Results: Patient with colorectal cancer and a constitutional (germline) variant causing Lynch syndrome

A 42-year-old woman is diagnosed with metastatic colorectal cancer. There is no significant family history of cancer. Immunohistochemistry demonstrates loss of expression of the MSH6 protein. Somatic (tumour) testing via a multi-target massively parallel sequencing (sometimes called next-generation sequencing) panel reveals a pathogenic variant in the MSH6 gene. Constitutional (germline) testing confirms that this variant is not only present in the tumour but also constitutionally (in the patient’s germline), meaning that the patient has Lynch syndrome, a heritable cancer predisposition syndrome.

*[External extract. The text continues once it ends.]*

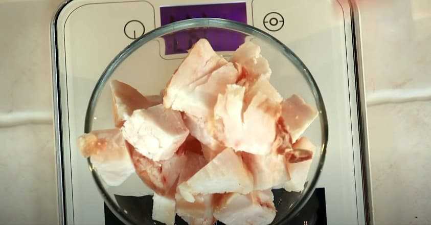 Сначала подготовим курдючное сало. Нам оно потребуется в жидком виде, поэтому придется его растопить. Для этого нарезаем курдюк небольшими квадратиками.

• Lynch syndrome arises from a pathogenic constitutional (germline) variant of one of the genes involved in DNA mismatch repair (MLH1, MSH2, MSH6 or PMS2), or from inactivation of MSH2 owing to deletion in the neighbouring EPCAM gene.
• Individuals with Lynch syndrome have an increased lifetime risk of a variety of cancers, most commonly colorectal cancer and endometrial cancer, as well as ovarian, pancreaticobiliary, gastric, small intestinal, brain, urinary tract, skin and other cancers.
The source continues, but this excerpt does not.